Was a sleeping hummingbird playing possum in the yard?
DEARJOAN » Early in the morning I noticed a hummingbird hanging upside down on our feeder. I was able to run some water over its beak and there was a slight movement, which indicated that it still must be alive.
I thought that perhaps it just got too cold and went into a protective mode for survival.
I placed it on branch of a plant, upright. After approximately 3 hours I went to check and as soon as I got near, the hummer flew away. DEARAL » I don’t think overnight temperatures have reached the point where it would cause a hummingbird to freeze up like that, but I do think the bird had gone into what is called a state of torpor.
When hummingbirds sleep, they can enter a torpor state, shutting down a lot of their body so that they can save their energy. When they are like this, you can sometimes find them hanging upside down from feeding perches, their feet locked firmly around the post.
They can appear dead and often will not even respond if touched. Once they wake up, they fly away, back into their energetic lives. DEAR JOAN » For the last several months I have been getting what the skin doctor says are mite bites. We had an exterminator out, but he said there was nothing he could do because we didn’t catch any rats in his trap.
We have a bird feeder and wonder if rats come to it in the night and leave the mites, which our two dogs then bring into the house. Although we give them flea treatments, they have been scratching lately.
Could this be the source? Do we have to get rid of the feeder? Do you have any suggestions? This is driving me nuts. DEARCAROL » According to the Contra Costa Mosquito and Vector Control website, most mites feed on plants, other mites and insects or animals.
The mite most associated with inflicting distress on humans is the tropical rat mite, although people can have issues with bird mites and chigger mites.
If you have rat mites, you have a rat’s nest somewhere in or near your home. They infest the nest and feed on the rats, and if the rats die, they seek the next available host, which could be people.

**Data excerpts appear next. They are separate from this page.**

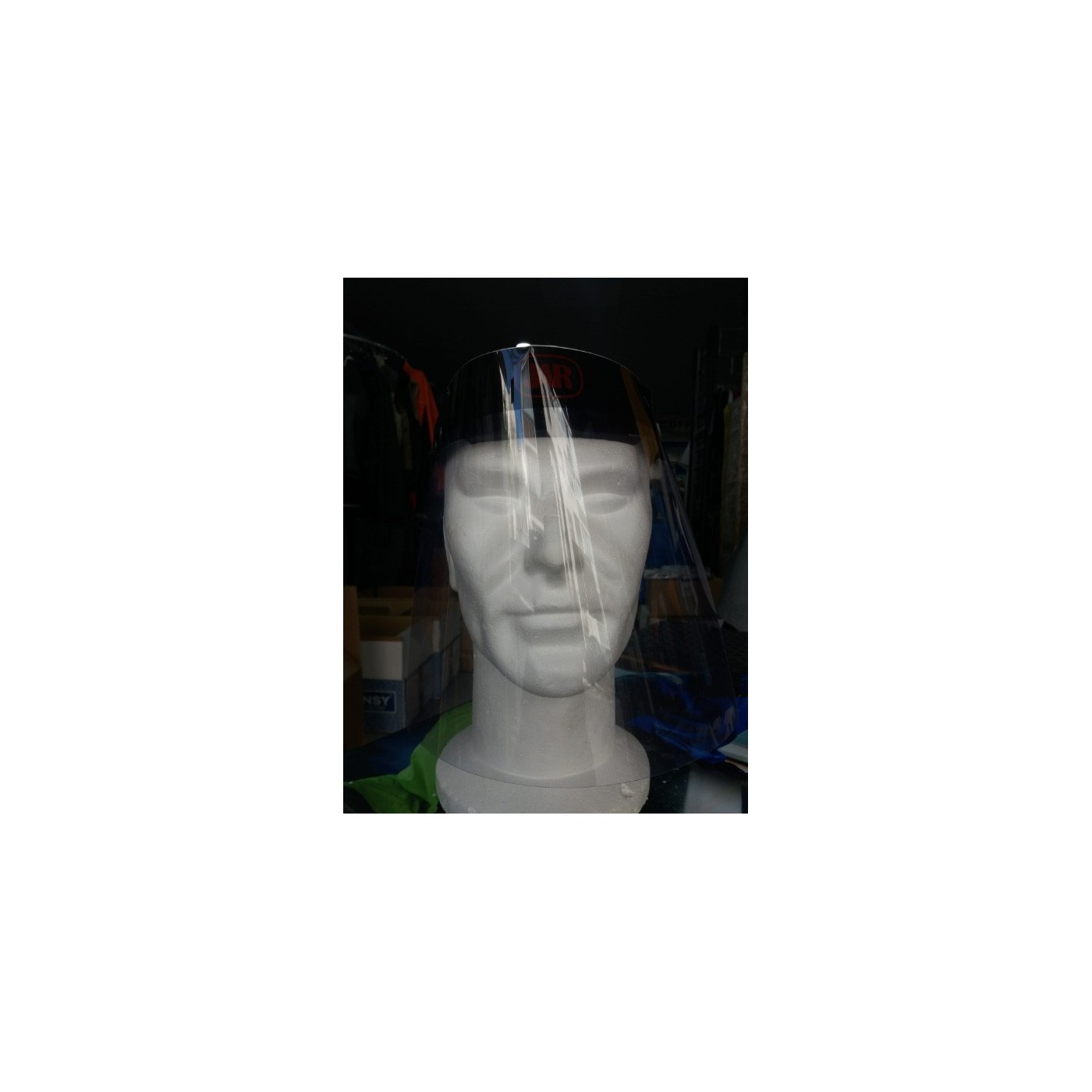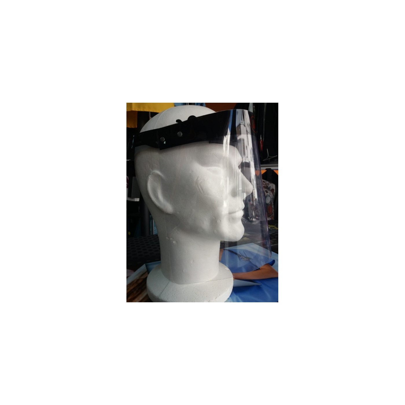 Pantalla facial con esponja frontal y regulador para mejor adaptación a la cabeza.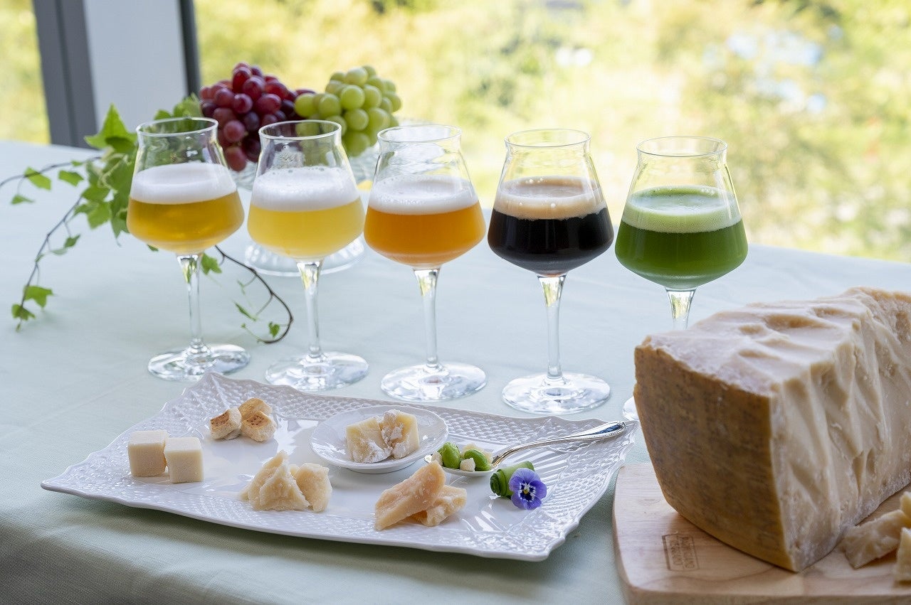 さらに最後のデザートとして、12か月熟成のパルミジャーノ・レッジャーノに和三盆を塗した「パサンボン」と、上質な抹茶を少量の水で溶き、1:7の割合で一般的なピルスナースタイルのビールで割った抹茶ビールのペアリングを提供しました。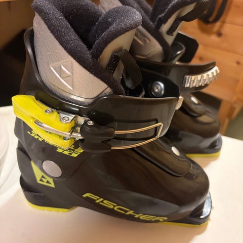 Fischer RC4 Race Jr. alpinski støvler i svart og gul farge. Designet for barn, med justerbare spenner for god passform og støtte under skikjøring.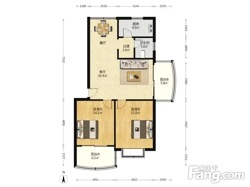 户型齐全,主打户型方正,明厨,明卫,主卧朝南二居
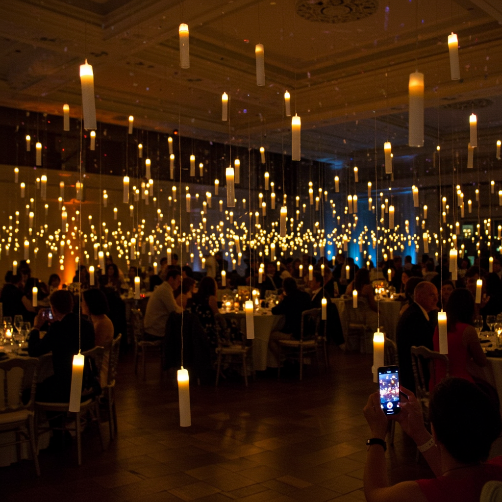 Use fishing line to hang LED candles throughout your space at varying levels. This creates the floating candle effect from Harry Potter.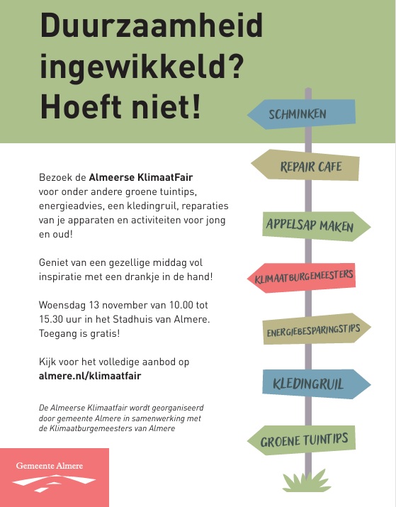 Gemeente Almere organiseert de KlimaatFair in of rond de Landelijke Klimaatweek in november.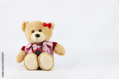 female teddy bear with camera isolated and white background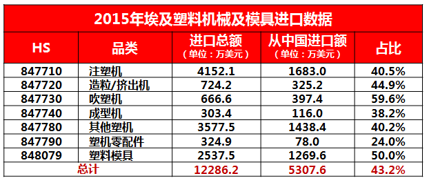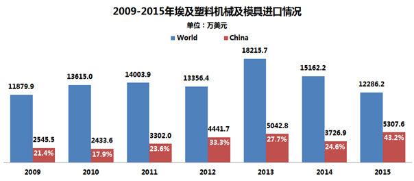 2015年,埃及的塑料機械及模具進口額達到1.23億美元,其中自中國進口的設備規(guī)模達到5307.6萬美元,市場份額超過四成。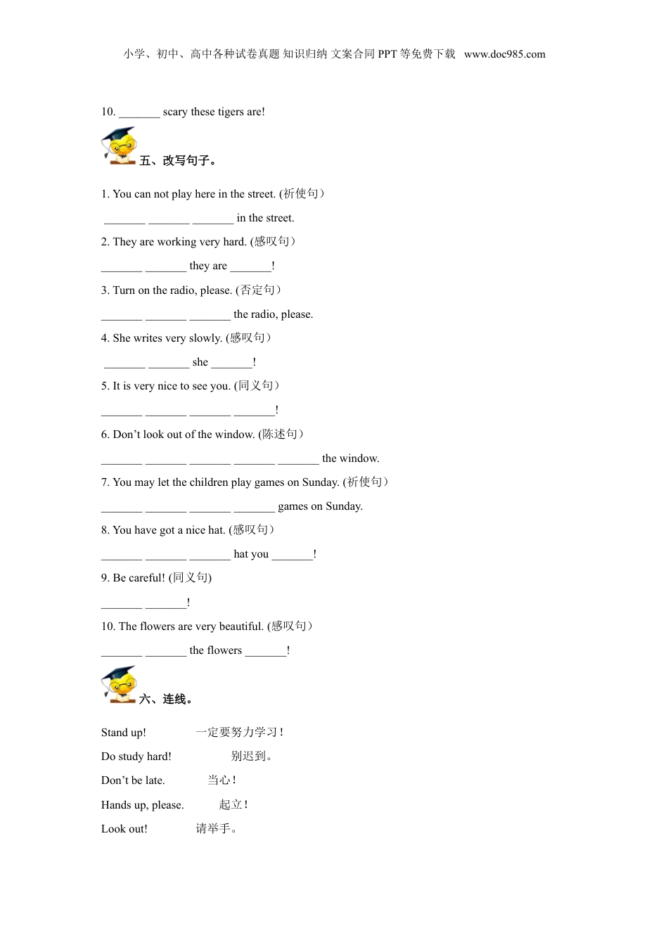 小学、初中、高中各种试卷真题知识归纳文案合同PPT等免费下载www.doc985.com2016小升初英语高频考点过关演练7感叹句和祈使句(原卷)一、选择正确答案填空。1._______tallbuildingitis!A.HowB.WhatC.WhataD.Howa2._______fasttherabbitsrun!A.WhatB.WhataC.HowD.Howa3._______saltytheeggis!A.HowB.HowaC.WhataD.What4._______fullbasketitis!A.WhatB.WhataC.HowD.Howa5.Nice_______you!A.tomeetB.meetingC.metD.tomeeting6._______theradio,please.Thebabyissleepingnow.A.NotturnonB.Don’tturnonB.NotturndownD.Don’tturndown7._______lateagain,Bill!A.Don’ttobeB.Don’tbeCNotbeD.Benot8._______crosstheroaduntilthetrafficlightsturngreen.A.NotB.Won’tC.Doesn’tD.Don’t9._______fromBeijingtoLondon!A.HowlongwayitisB.WhatalongwayisitA.HowlongwayisitD.Whatalongwayitis10._______inbed.It’sbadforyoureyes.A.NottoreadB.Don’tread小学、初中、高中各种试卷真题知识归纳文案合同PPT等免费下载www.doc985.comC.Don’ttoreadD.Notread二、下面的感叹句由How还是What引导?1.fatheis!2.fastsheruns!3.alovelydog!4.aninterestingfilm!5.nicethefoodis!6.agoodboy!7.kindhismotheris!8.anicecameraitis!9.cleverstudentstheyare!10.slowlytherabbitsrun!三、用祈使句写出以下标志的含义。1._______2._______3._______4._______5._______6._______7._______8._______9._______10._______四、填入适当的词完成下列感叹句。1._______difficulthomeworkwehadyesterday!2._______cutedogitis!3._______interestingthestoryis!4._______badtheweatherinEnglandis!5._______honestboyTomis!6._______tastysmellthecakegaveoff!7._______goodtimewehadonthebeachyesterday!8._______excitingnewsyou’vebroughtus!9._______coolyournewcaris!小学、初中、高中各种试卷真题知识归纳文案合同PPT等免费下载www.doc985.com10._______scarythesetigersare!五、改写句子。1.Youcannotplayhereinthestreet.(祈使句)_____________________inthestreet.2.Theyareworkingveryhard.(感叹句)______________theyare_______!3.Turnontheradio,please.(否定句)_____________________theradio,please.4.Shewritesveryslowly.(感叹句)______________she_______!5.Itisverynicetoseeyou.(同义句)____________________________!6.Don’tlookoutofthewindow.(陈述句)___________________________________thewindow.7.YoumayletthechildrenplaygamesonSunday.(祈使句)____________________________gamesonSunday.8.Youhavegotanicehat.(感叹句)_____________________hatyou_______!9.Becareful!(同义句)______________!10.Theflowersareverybeautiful.(感叹句)______________theflowers_______!六、连线。Standup!一定要努力学习!Dostudyhard!别迟到。Don’tbelate.当心!Handsup,please.起立!Lookout!请举手。小学、初中、高中各种试卷真题知识归纳文案合同PPT等免费下载www.doc985.com七、将下列汉语翻译成英语。1.不要这么吵。_______________________________________________________________________2.请照看好您的包。_______________________________________________________________________3.不要把书放这儿。_______________________________________________________________________4.不要浪费你的时间。_______________________________________________________________________5.务必请坐。_______________________________________________________________________八、将以下祈使句改为否定式。1.Comehereearly._______________________________________________________________________2.Askhim._______________________________________________________________________3.Pleasewaitforher._______________________________________________________________________4.Readthebookcarefully._______________________________________________________________________5.Situnderthetree,please._______________________________________________________________________6.Let’sgotheretogether._______________________________________________________________________小学、初中、高中各种试卷真题知识归纳文案合同PPT等免费下载www.doc985.com参考答案:一、l.C2.C3.A4.B5.A6.B7.B8.D9.D10.B二、1.How2.How3.What4.What5.How6.What7.How8.What9.What10.How三、1.Nolyingdown.2.Nopet.3.Nofishing.4.Noentry.5.Noswimming.6.Nophotos.7.Nolitter.8.Bequiet.9.Nosmoking.10.Noparking.四、1.What2.Whata3.How4.How5.Whatan6.Whata7.Whata8.What9.How10.How五、六、七、八、1.Don’tcomehereearly.2.Don’taskhim.3.Pleasedon’twaitforher.1.Don’tplayhereinthestreet.3.Don’tturnontheradio,please.5.Nicetoseeyou!7.LetthechildrenplaygamesonSunday.9.Lookout!2.Howhardtheyareworking!4.Howslowlyshewrites!6.Youmustn’tlookoutofthewindow.8.Whatanicehatyouhave!10.Howbeautifultheflowersare!小学、初中、高中各种试卷真题知识归纳文案合同PPT等免费下载www.doc985.com4.Don’treadthebookcarefully.5.Don’tsitunderthetree,please.6.Let’snotgotheretogether.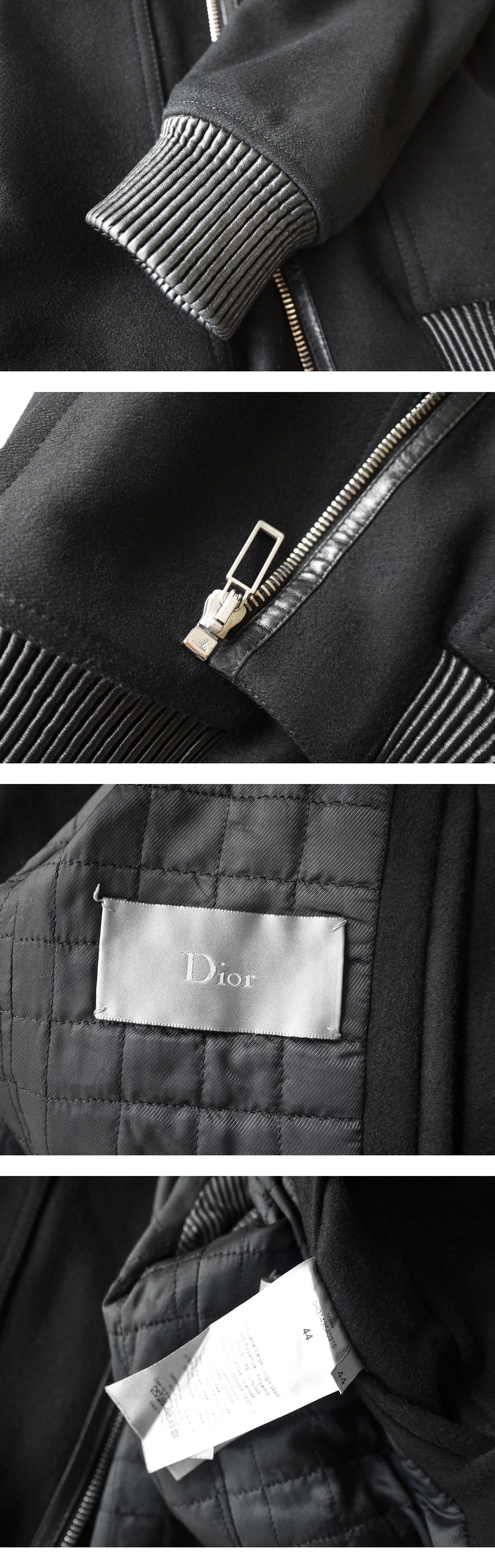 当時のディオールオムを象徴する堅牢な質感のメルトンウールは、適度なハリ感と厚みがありながら軽快な着心地を実現し、デザイン性と機能性共に兼ねそろえたまさに最高峰のマテリアルです。リブ部分と襟周りにはリアルラムレザーを贅沢に使用しております。

The mites locate their victims by detecting humans’ breath (the output of carbon dioxide) and body heat. As they cannot fly or jump, they must crawl, and they usually are found in rooms where people congregate — kitchens, family rooms and bedrooms. They might also take refuge in furniture, biting people when they sit down or go to sleep.
The good news in all this is that they don’t hang around on people after feeding. They fill up and fall off, returning to feed again.
You can control them by controlling rats and getting rid of the nests. Vacuum your rugs and furniture, and if you think they are biting you at night, vacuum the mattress and wash and replace linens frequently.
Insecticides and foggers don’t work well because they often don’t reach the places where the mites congregate, but you can ask an exterminator to spray in attics and crawl spaces where rats might have been.
No need to bring in your feeder, but I would take the dogs to the vet to check for bites.